WHAT IS EXPECTED >>
Your answer must be the full listing below, restated word for word, with no pictures in it.

SUPPLIED MATERIAL >>
::::

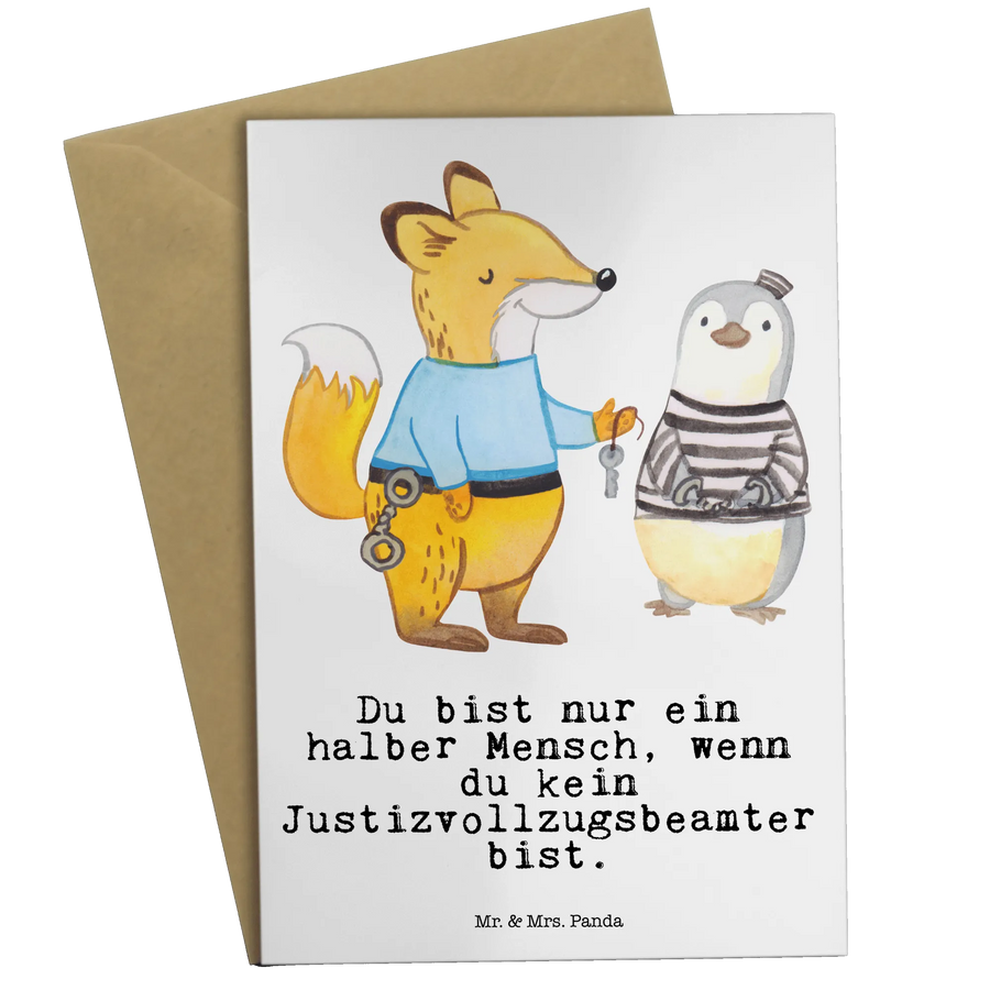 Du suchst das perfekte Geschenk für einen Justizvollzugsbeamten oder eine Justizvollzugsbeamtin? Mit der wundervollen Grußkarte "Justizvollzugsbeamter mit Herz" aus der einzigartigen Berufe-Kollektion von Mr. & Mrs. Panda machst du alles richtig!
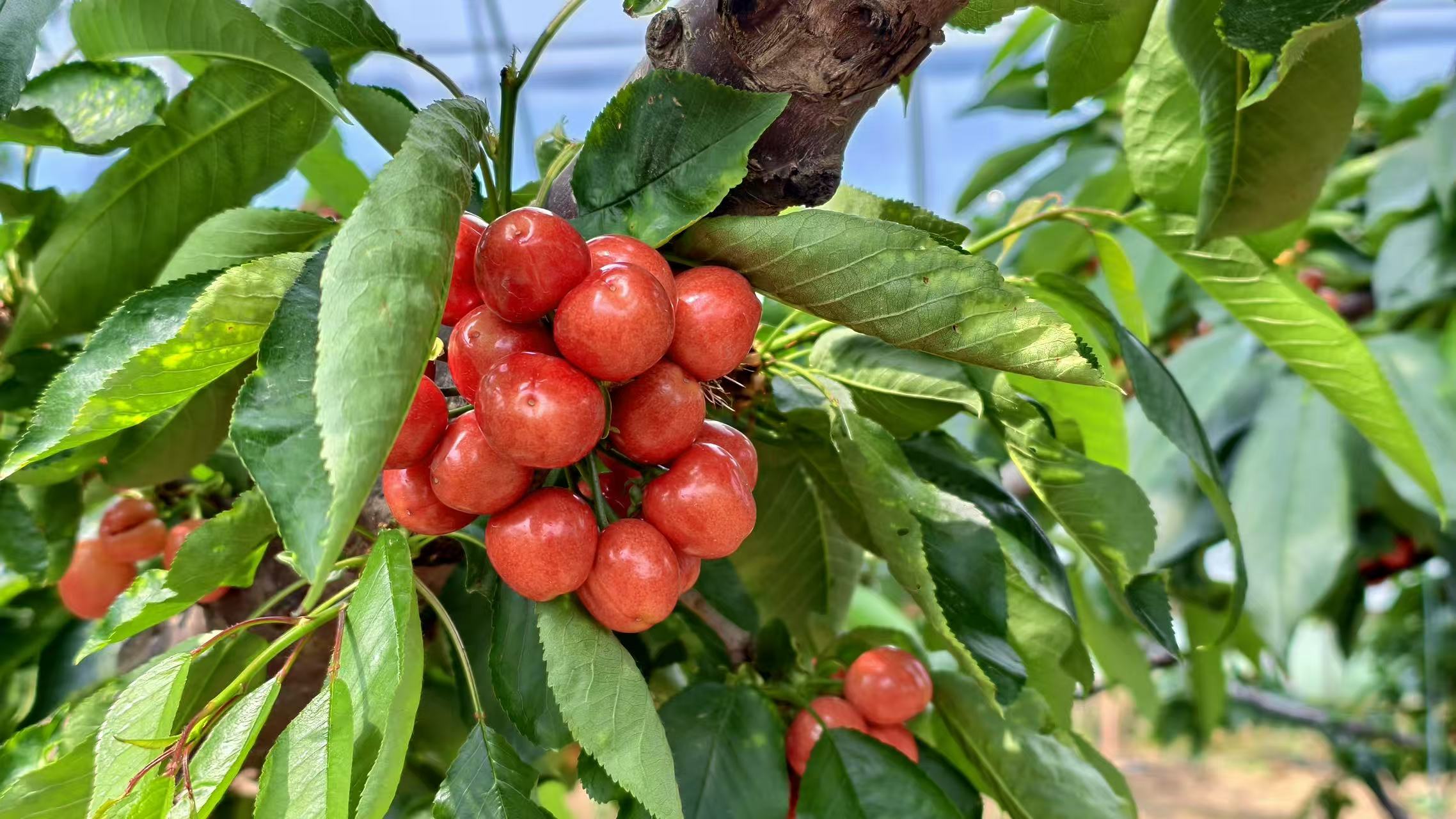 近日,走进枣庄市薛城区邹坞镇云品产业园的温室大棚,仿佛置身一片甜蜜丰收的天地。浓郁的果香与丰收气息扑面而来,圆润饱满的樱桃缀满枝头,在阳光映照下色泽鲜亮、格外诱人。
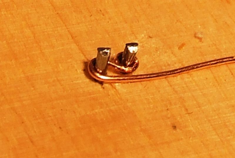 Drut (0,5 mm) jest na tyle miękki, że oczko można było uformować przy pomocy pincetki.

::::

YOUR RESPONSE >>
 Du suchst das perfekte Geschenk für einen Justizvollzugsbeamten oder eine Justizvollzugsbeamtin? Mit der wundervollen Grußkarte "Justizvollzugsbeamter mit Herz" aus der einzigartigen Berufe-Kollektion von Mr. & Mrs. Panda machst du alles richtig!
 近日,走进枣庄市薛城区邹坞镇云品产业园的温室大棚,仿佛置身一片甜蜜丰收的天地。浓郁的果香与丰收气息扑面而来,圆润饱满的樱桃缀满枝头,在阳光映照下色泽鲜亮、格外诱人。
 Drut (0,5 mm) jest na tyle miękki, że oczko można było uformować przy pomocy pincetki.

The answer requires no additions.